- [BRIEF] Exclude images, then output the remaining data verbatim.

- [MATERIAL PROVIDED]
########

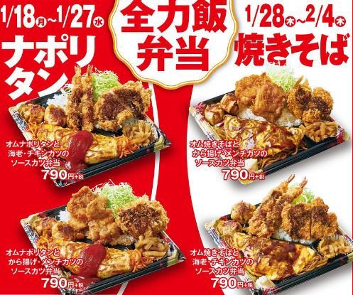 オムナポリタンとから揚げ・メンチカツのソースカツ弁当/790円(税別)
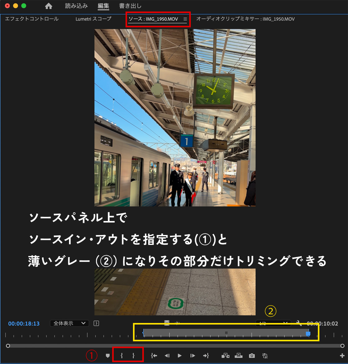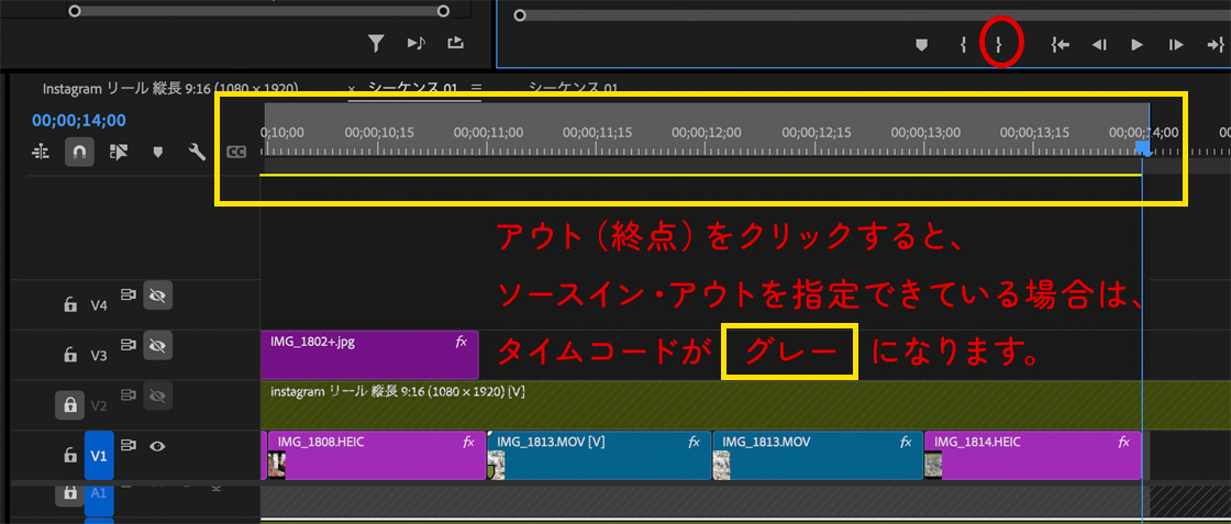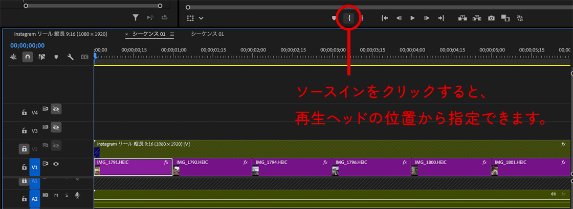 タイムライン上だけではなく、ソースパネルでソースイン・アウトを使うこともできます。
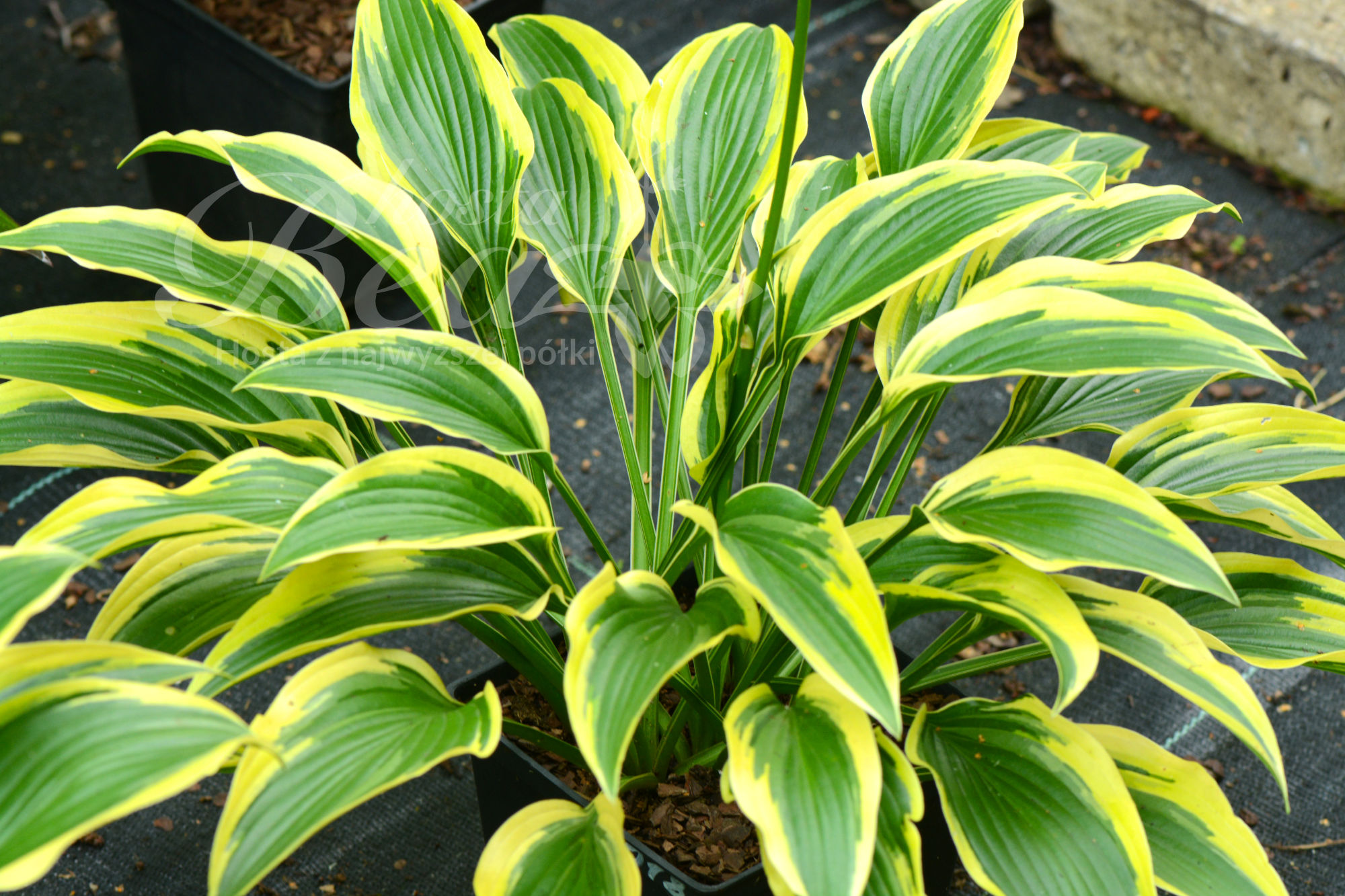 Hosta Exotic Presentation to majestatyczna odmiana o wazowym pokroju kępy, kontrastowej kolorystyce liści i dobrym tempie wzrostu.

########

- [FINISHED TASK]
 オムナポリタンとから揚げ・メンチカツのソースカツ弁当/790円(税別)
 タイムライン上だけではなく、ソースパネルでソースイン・アウトを使うこともできます。
 Hosta Exotic Presentation to majestatyczna odmiana o wazowym pokroju kępy, kontrastowej kolorystyce liści i dobrym tempie wzrostu.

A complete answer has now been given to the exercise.